* [EXERCISE INSTRUCTIONS] In the listing below, find the line containing "Яркие детские наручные" and the line containing "OLD LARGE HISTORIC". Repeat exactly those two lines and every line between them, nothing more.

*** INPUT MATERIAL ***

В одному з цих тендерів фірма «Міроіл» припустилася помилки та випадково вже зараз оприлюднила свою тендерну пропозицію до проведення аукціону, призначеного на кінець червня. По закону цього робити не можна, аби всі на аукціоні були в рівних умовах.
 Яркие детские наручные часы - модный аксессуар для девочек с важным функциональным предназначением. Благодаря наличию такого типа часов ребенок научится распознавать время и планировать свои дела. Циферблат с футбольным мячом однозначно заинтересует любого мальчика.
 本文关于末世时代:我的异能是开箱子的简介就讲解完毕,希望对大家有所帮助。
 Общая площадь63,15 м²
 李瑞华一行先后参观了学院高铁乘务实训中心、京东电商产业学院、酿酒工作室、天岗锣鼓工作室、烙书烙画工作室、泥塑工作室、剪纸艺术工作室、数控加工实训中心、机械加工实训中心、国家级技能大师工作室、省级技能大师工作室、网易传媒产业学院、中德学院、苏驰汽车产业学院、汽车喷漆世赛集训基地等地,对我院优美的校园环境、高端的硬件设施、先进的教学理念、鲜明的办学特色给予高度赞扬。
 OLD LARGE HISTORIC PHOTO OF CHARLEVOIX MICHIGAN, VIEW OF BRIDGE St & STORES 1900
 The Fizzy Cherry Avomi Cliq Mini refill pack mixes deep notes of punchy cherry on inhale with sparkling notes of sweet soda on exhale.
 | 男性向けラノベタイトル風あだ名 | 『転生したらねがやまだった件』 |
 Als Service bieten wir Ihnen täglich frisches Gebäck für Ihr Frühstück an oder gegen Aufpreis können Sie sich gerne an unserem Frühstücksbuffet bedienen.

*** End of INPUT MATERIAL ***
*** INPUT MATERIAL ***

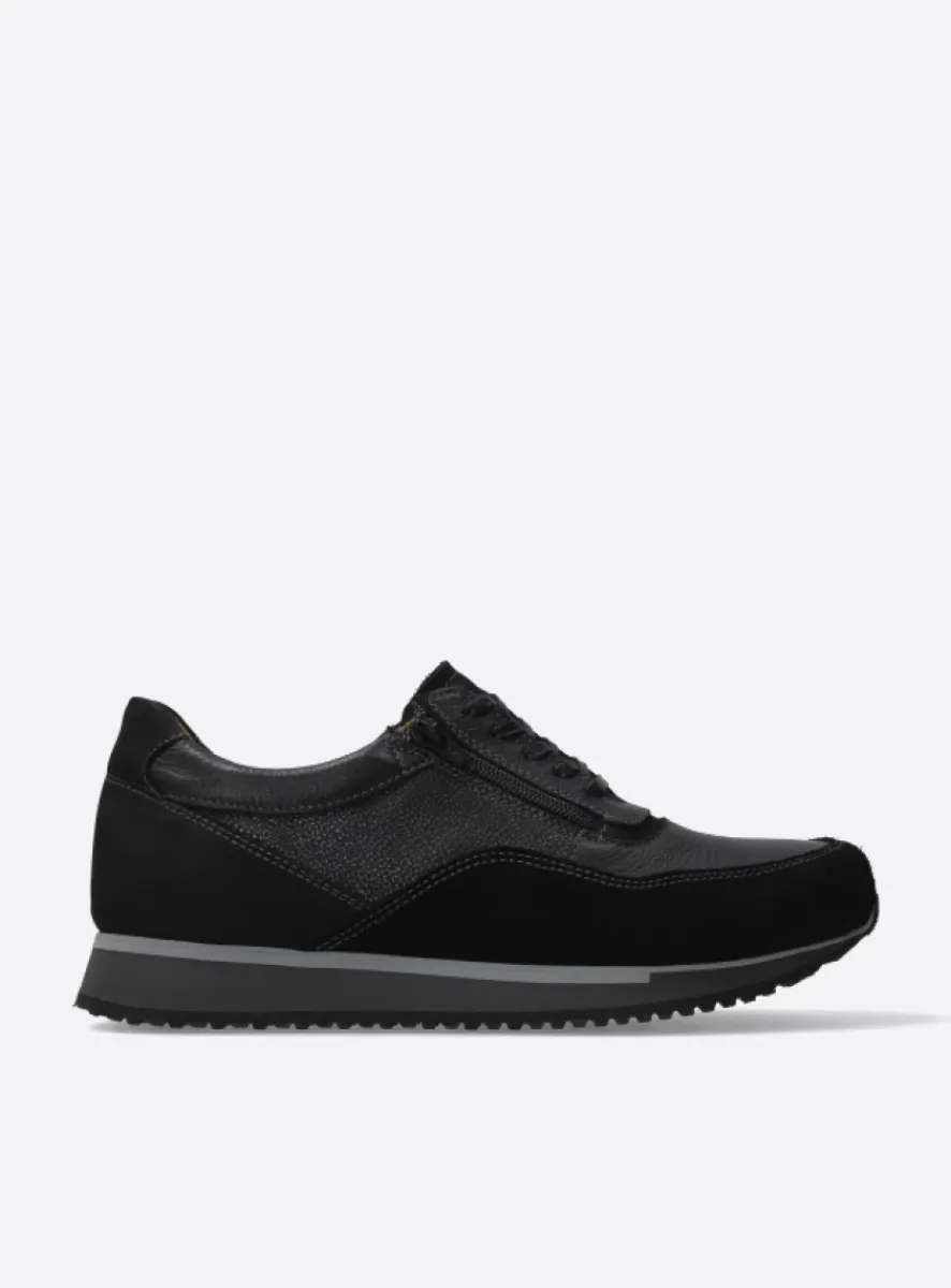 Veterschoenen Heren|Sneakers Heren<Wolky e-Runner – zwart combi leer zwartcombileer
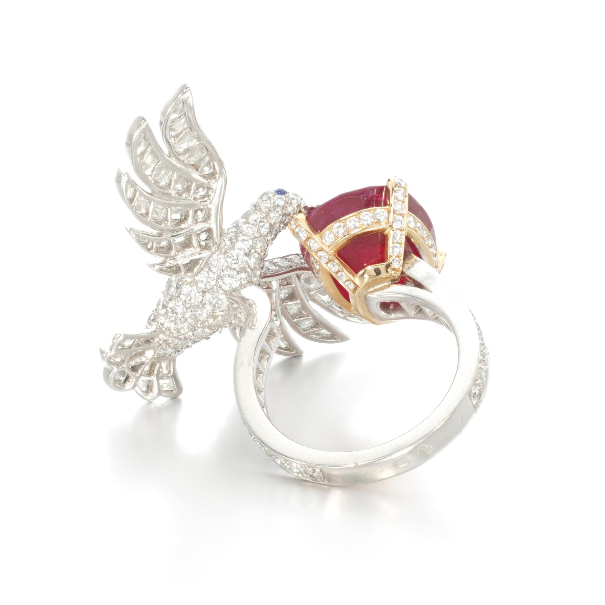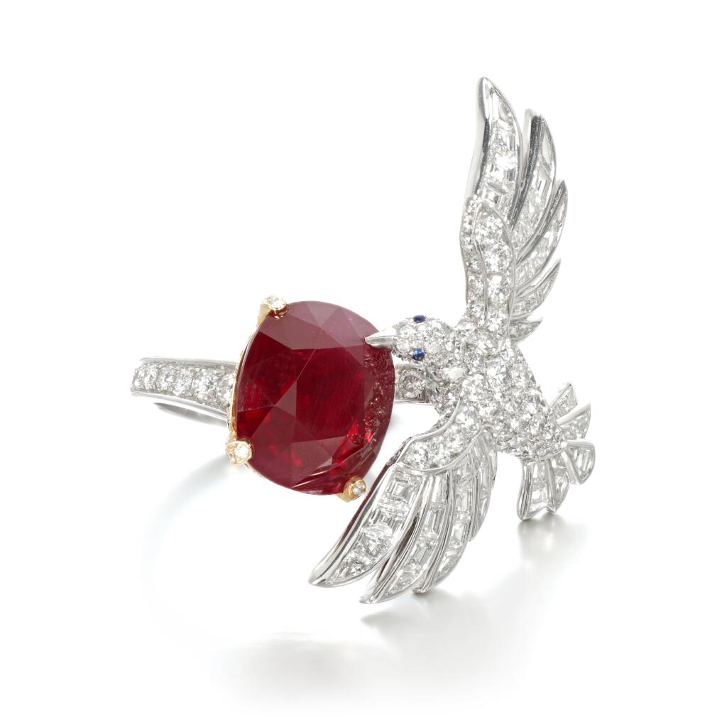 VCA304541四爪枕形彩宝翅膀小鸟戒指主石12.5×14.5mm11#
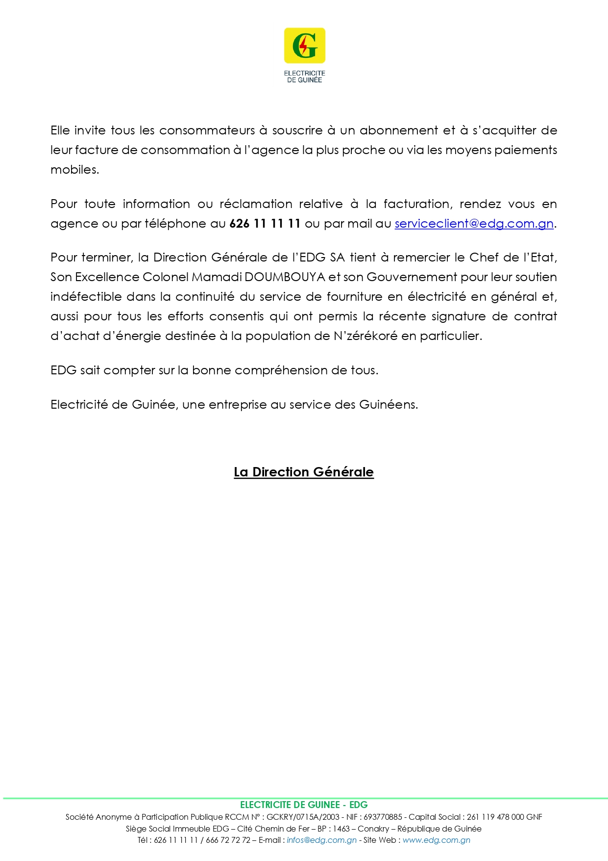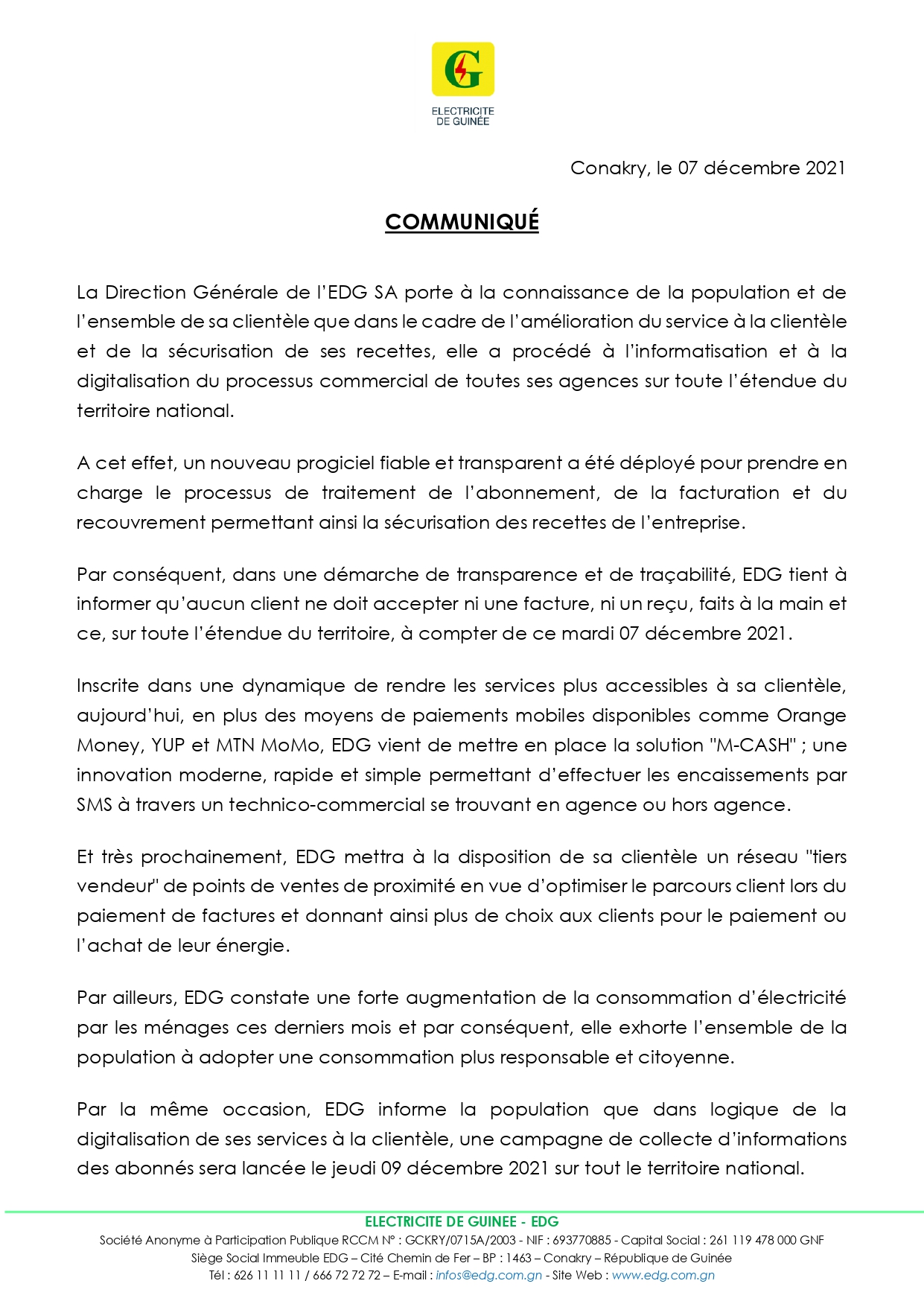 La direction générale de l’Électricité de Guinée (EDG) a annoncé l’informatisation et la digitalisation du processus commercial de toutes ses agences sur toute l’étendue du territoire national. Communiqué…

*** End of INPUT MATERIAL ***
*** INPUT MATERIAL ***

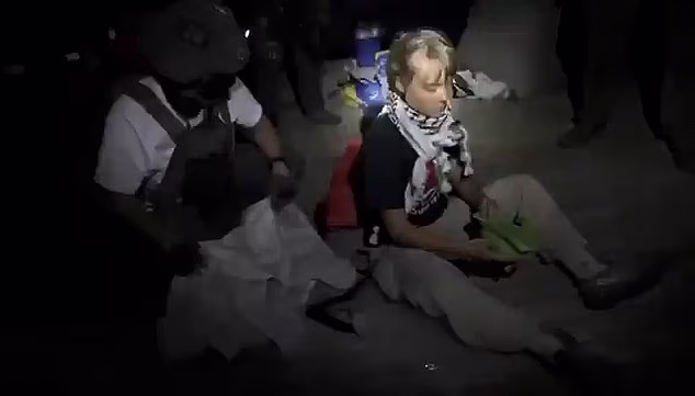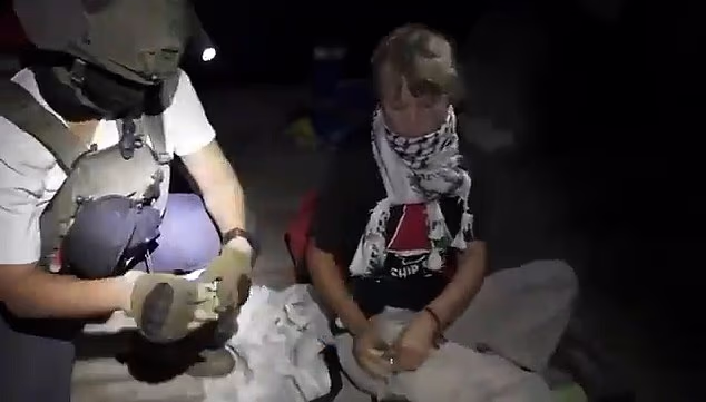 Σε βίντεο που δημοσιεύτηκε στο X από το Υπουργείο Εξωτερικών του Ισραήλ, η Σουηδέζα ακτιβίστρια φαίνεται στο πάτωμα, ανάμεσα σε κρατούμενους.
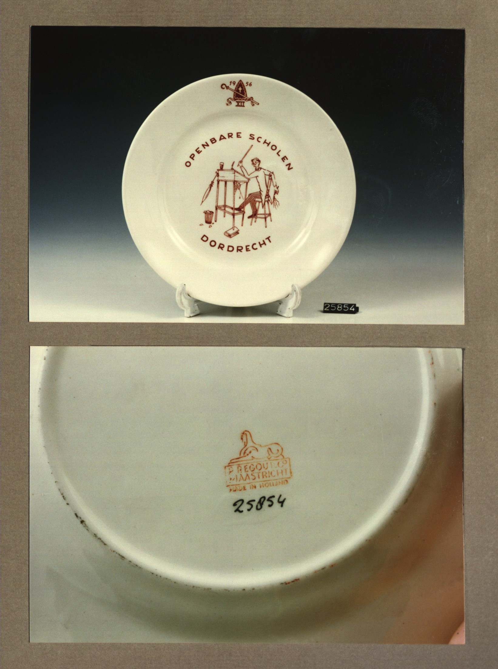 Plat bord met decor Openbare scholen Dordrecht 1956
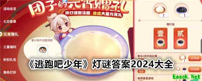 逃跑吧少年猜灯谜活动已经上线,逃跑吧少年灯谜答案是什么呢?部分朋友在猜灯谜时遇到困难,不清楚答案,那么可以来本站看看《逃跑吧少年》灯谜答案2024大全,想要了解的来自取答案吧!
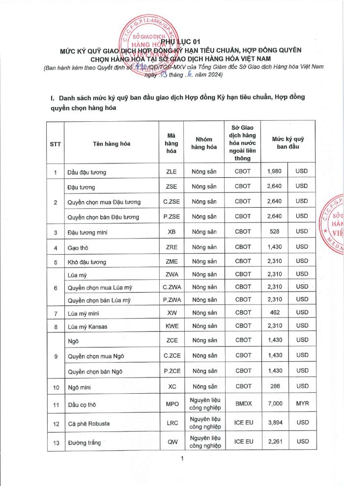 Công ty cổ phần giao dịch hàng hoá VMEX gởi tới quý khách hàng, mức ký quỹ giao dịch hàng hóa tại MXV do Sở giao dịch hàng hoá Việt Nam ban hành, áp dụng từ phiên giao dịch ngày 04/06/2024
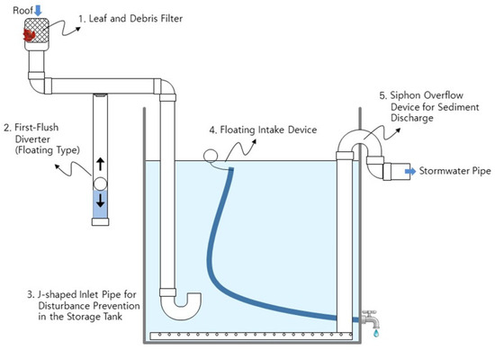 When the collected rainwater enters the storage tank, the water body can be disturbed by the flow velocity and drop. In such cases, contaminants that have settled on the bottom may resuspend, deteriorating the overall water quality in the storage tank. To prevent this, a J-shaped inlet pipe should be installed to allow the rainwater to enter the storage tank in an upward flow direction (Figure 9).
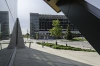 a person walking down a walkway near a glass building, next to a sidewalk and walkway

*** End of INPUT MATERIAL ***

* [RESPONSE BOX]
 Яркие детские наручные часы - модный аксессуар для девочек с важным функциональным предназначением. Благодаря наличию такого типа часов ребенок научится распознавать время и планировать свои дела. Циферблат с футбольным мячом однозначно заинтересует любого мальчика.
 本文关于末世时代:我的异能是开箱子的简介就讲解完毕,希望对大家有所帮助。
 Общая площадь63,15 м²
 李瑞华一行先后参观了学院高铁乘务实训中心、京东电商产业学院、酿酒工作室、天岗锣鼓工作室、烙书烙画工作室、泥塑工作室、剪纸艺术工作室、数控加工实训中心、机械加工实训中心、国家级技能大师工作室、省级技能大师工作室、网易传媒产业学院、中德学院、苏驰汽车产业学院、汽车喷漆世赛集训基地等地,对我院优美的校园环境、高端的硬件设施、先进的教学理念、鲜明的办学特色给予高度赞扬。
 OLD LARGE HISTORIC PHOTO OF CHARLEVOIX MICHIGAN, VIEW OF BRIDGE St & STORES 1900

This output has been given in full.